Canadian game designer

Dennis Detwiller (born July 12, 1972) is a Canadian video game designer for Hothead Games and a role-playing game designer, writer, and artist.

== Career ==
Dennis Detwiller started volunteering at Pagan Publishing after seeing an issue of The Unspeakable Oath magazine in 1991 and talking to John Scott Tynes. Tynes moved the company to Seattle in the mid-1990s, and Detwiller agreed to move there as well. Detwiller worked at Pagan as art director where he co-created the Origins Award-winning game Delta Green in 1997 with Tynes and Adam Scott Glancy; Detwiller wrote a series of three chapbooks (1998–2000), and with Tynes and Glancy he expanded the setting in 1999 with Delta Green: Countdown. Detwiller illustrated The Hills Rise Wild!, which also won an Origins Award.

Detwiller and Greg Stolze prepared their game Godlike which was intended to be published by Pagan Publishing, but as publication by Pagan was slowing down, Detwiller instead took it to his friends Hsin Chen and Aron Anderson, who created the company Hawthorn Hobgoblynn Press (later known as EOS Press) in 2001 to publish the game. After the release of Godlike in 2002 Detwiller founded Arc Dream Publishing with Shane Ivey. Detwiller and Ivey formed Arc Dream Publishing to produce supplements for Godlike, and in 2003 Arc Dream acquired the licensing from Stolze to use his One-Roll Engine (ORE) dice system for Godlike. He has since worked on Wild Talents, a follow-up to Godlike, and the free horror game NEMESIS. Detwiller and Ivey wrote Delta Green: Targets of Opportunity (2010) and also brought back The Unspeakable Oath in 2010. Following a successful kickstarter campaign, Arc Dream publishing announced a new Delta Green game to be released in 2016.

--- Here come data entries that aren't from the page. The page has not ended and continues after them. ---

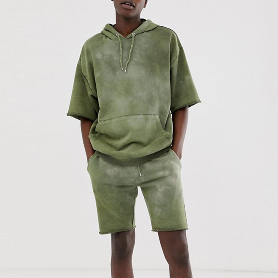 Custom High Quality Acid Washed design men short sleeve hoodie & shorts drop shoulder casual summer Shirt Set Tracksuit For Men
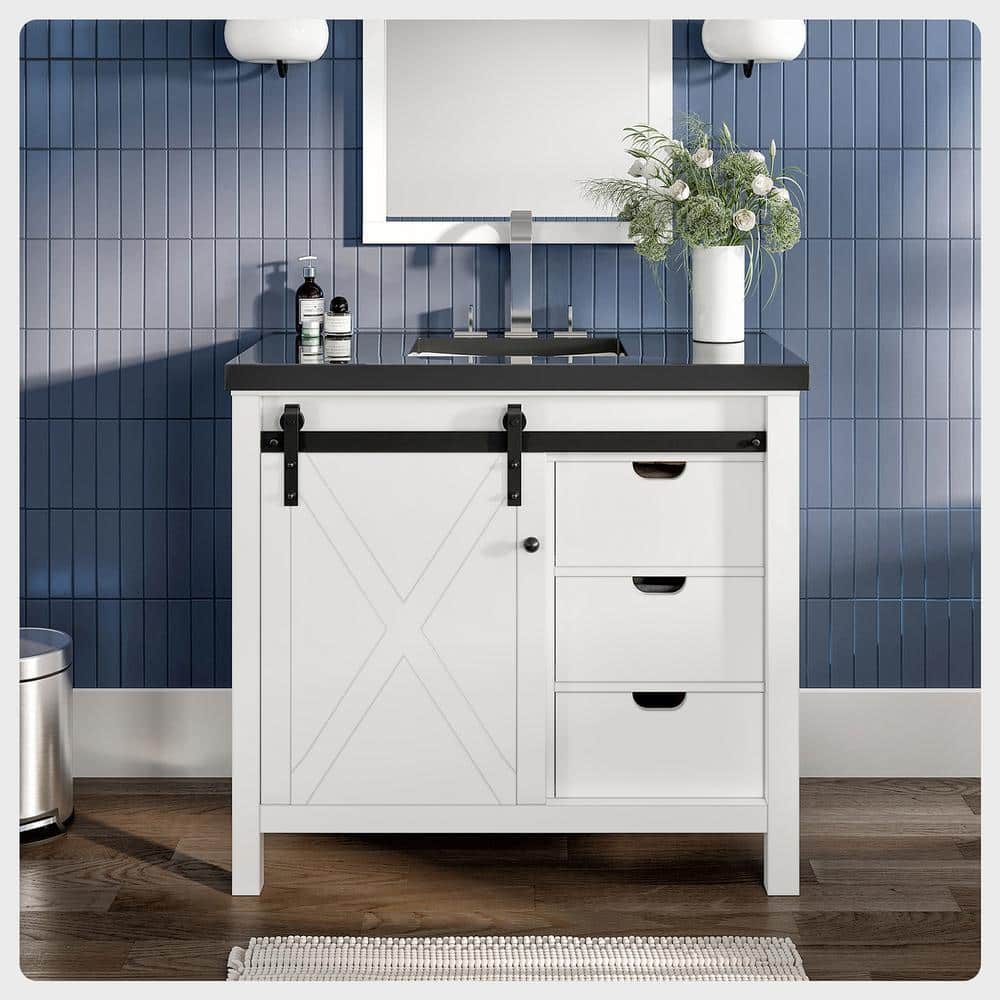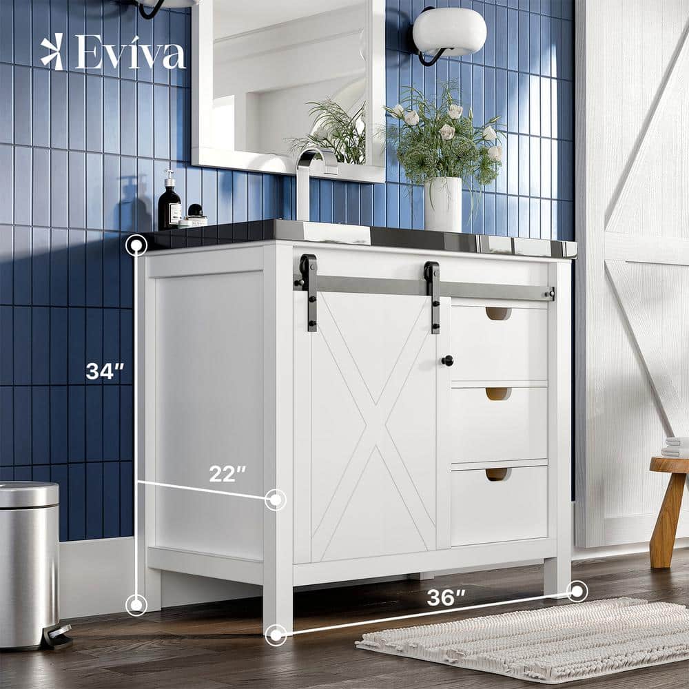 Regular price $1,294.97Eviva Dallas 36 in. W x 22 in. D x 34 in. H Bath Vanity in White with Black Granite Top with Black Sink
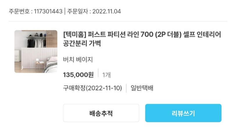 - 특이사항 : 70cm 2개 140cm, 파티션 자체는 가벼움, 고정은 좀 힘듦
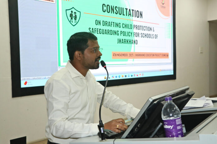 झारखंड के सभी स्कूलों में बच्चो को एक सुरक्षित, समावेशी और शोषण-मुक्त वातावरण में शिक्षा प्रदान करने, और बच्चो के प्रति किसी भी प्रकार के शारीरिक, भावनात्मक, यौन, मौखिक या साइबर नुकसान के लिए शून्य सहनशीलता (zero tolerance) का वातावरण तैयार करने के उद्देश्य से झारखंड के स्कूली शिक्षा एवं साक्षरता विभाग द्वारा विभिन्न गैर सरकारी सामाजिक संगठनो के सहयोग से बाल संरक्षण और सुरक्षा नीति का ड्राफ्ट तैयार किया जा रहा है। सब कुछ सही रहा, तो आने वाले दो माह के अंदर यह ड्राफ्ट तैयार भी हो जाएगा। आज झारखंड शिक्षा परियोजना परिषद द्वारा बाल संरक्षण और सुरक्षा नीति पर एक दिवसीय परामर्श सत्र का आयोजन किया गया। इस सत्र में झारखंड शिक्षा परियोजना निदेशक श्री शशि रंजन, राज्य कार्यक्रम पदाधिकारी डॉ. अविनव कुमार, प्रतिज्ञा फाउंडेशन से श्री अजय कुमार, यूनिसेफ से श्रीमती प्रीती श्रीवास्तव, चेंज इंक फाउंडेशन से श्रीमती गोपिका और श्रीमती स्मृति, बाल अधिकार कार्यकर्ता श्री पीजूष सेन गुप्ता समेत विभिन्न गैर सरकारी/सामाजिक संगठनो के प्रतिनिधि शामिल हुए।
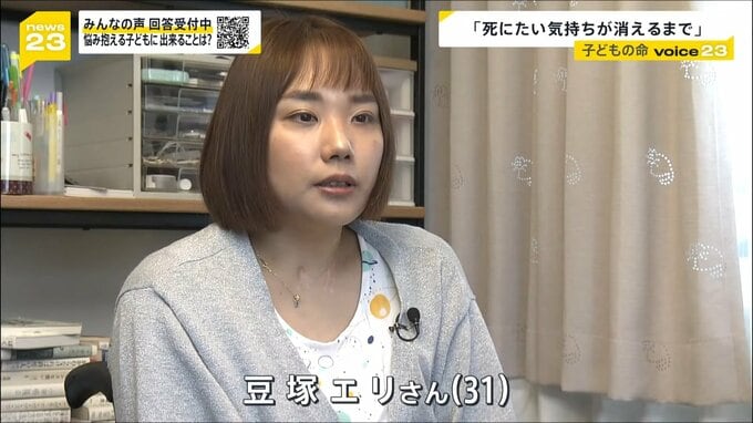 豆塚エリさんは高校生だった16歳のとき、飛び降りて自殺を図りました。地元の高校では文芸部の活動などに励んでいました。ただ、人知れず悩みを抱えていました。
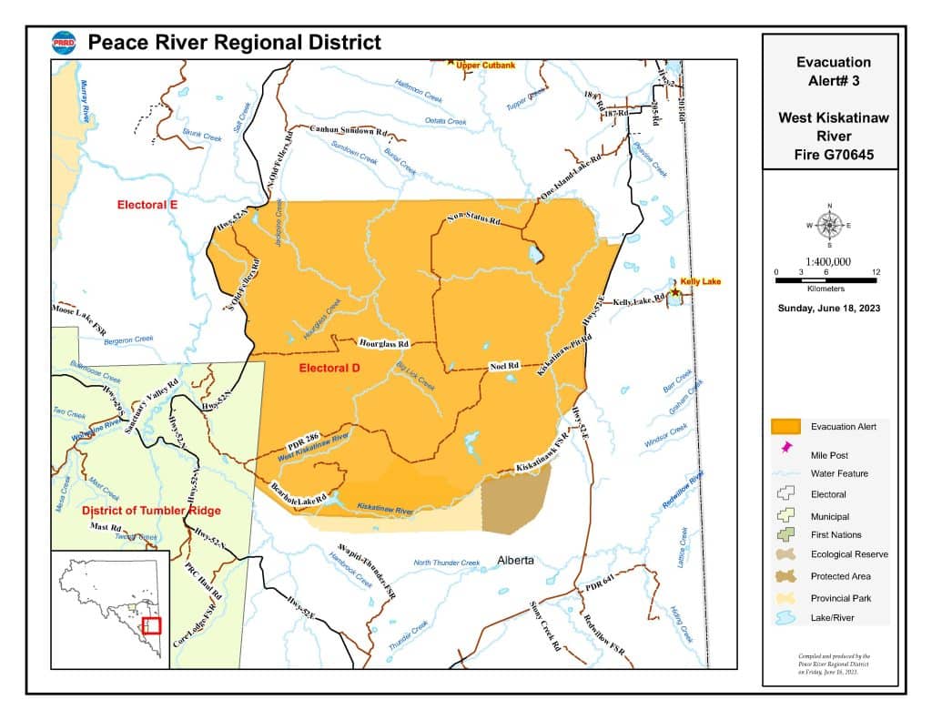 Based on recommendations from B.C. Wildfire Service, the Peace River Regional District, has rescinded West Kiskatinaw River Evacuation Order #4 as of June 18, 2023, at 0900 hours (9:00 a.m.).
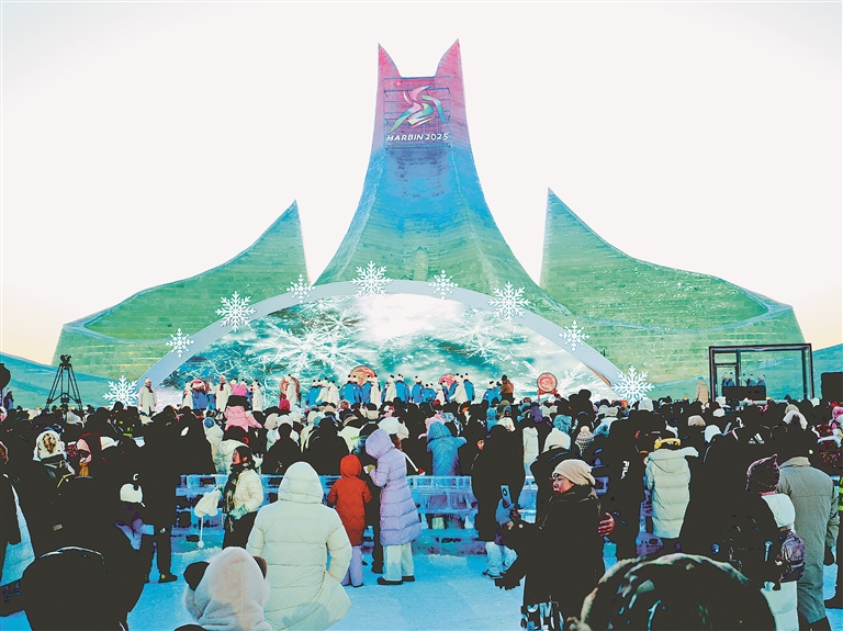 精美與靈動(dòng)相互交織,園區(qū)內(nèi)亞冬會(huì)氛圍濃厚?!拔覀冊趫@區(qū)內(nèi)看到很多亞冬會(huì)元素的冰雪景觀,像雪雕‘濱濱’‘妮妮’、會(huì)徽大地景觀等,準(zhǔn)備逐個(gè)打卡?!鄙綎|游客許多開心地說。
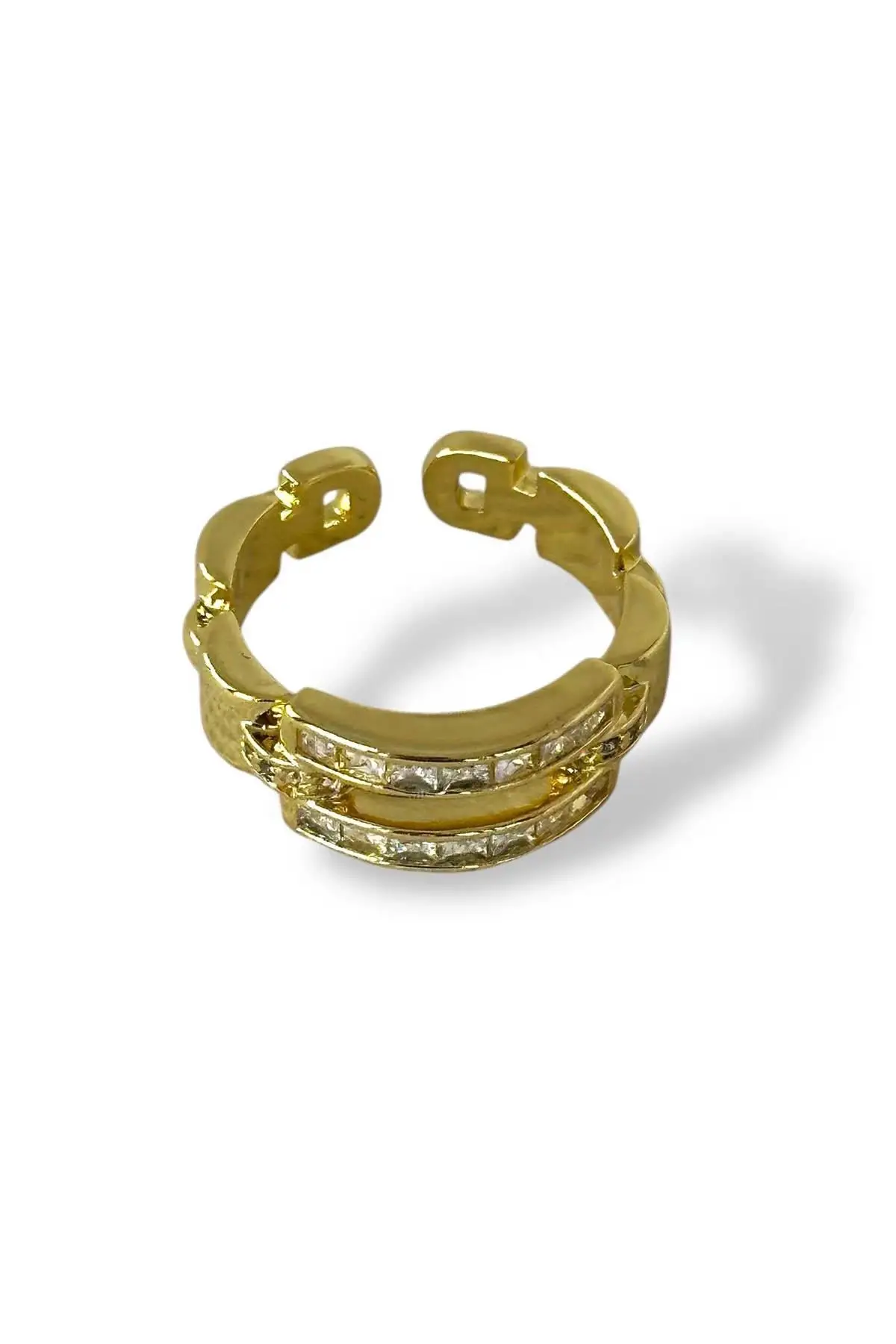 Altın Renk Taş Detaylı Ayarlanabilir Çelik Yüzük
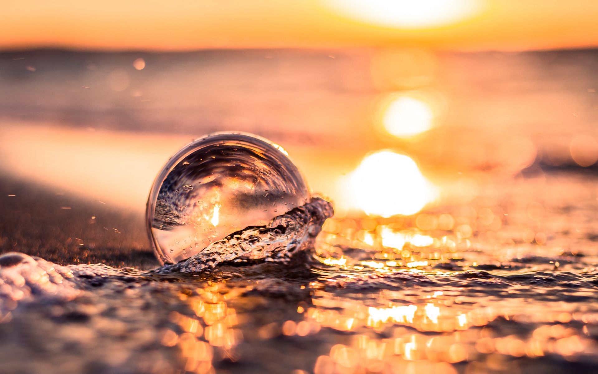 Description: A close up of a water drop on a beach at sunset or sunrise time with the sun shining through the water.
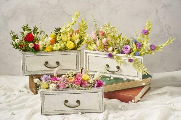名称:リトルローズチェスト 価格:5,000円 所要時間:50分〜60分 提供場所:gift & workshop「cokage」 詳細:小さなチェストに、バラやお花をアレンジして作るフラワー体験。引き出しからお花があふれるように咲く、可愛らしく華やかなアレンジメントで、部屋に飾るだけで空間を華やかに彩ります。
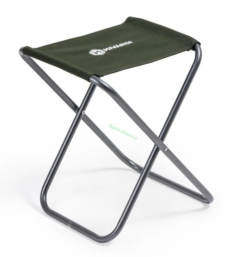 Klasická rybářská stolička s jednoduchou konstrukcí a pevným potahem.

In 2002, he left Seattle for Vancouver to work with Radical Entertainment where he helped develop The Incredible Hulk: Ultimate Destruction, Scarface: The World is Yours and Prototype. In early 2009, he left Radical Entertainment for Hothead Games. In January 2016, he moved to Monte Cook Games as managing editor.

== Works ==
=== Role-playing games ===
- Delta Green (co-creator, with John Tynes and Adam Scott Glancy, 1997)
- Godlike (creator, writer, and artist, 2001)
- Wild Talents (creator, writer, and artist, 2006)
- Nemesis (creator, 2006)
- Unmasked (writer and designer, 2017)

=== Video games ===
- The Incredible Hulk: Ultimate Destruction
- Scarface: The World is Yours
- Prototype
- DeathSpank
- Necropolis

=== Fiction ===
- Delta Green: Denied to the Enemy (2003)
- Delta Green: Through a Glass, Darkly (2011)
- Delta Green: Tales from Failed Anatomies (2014)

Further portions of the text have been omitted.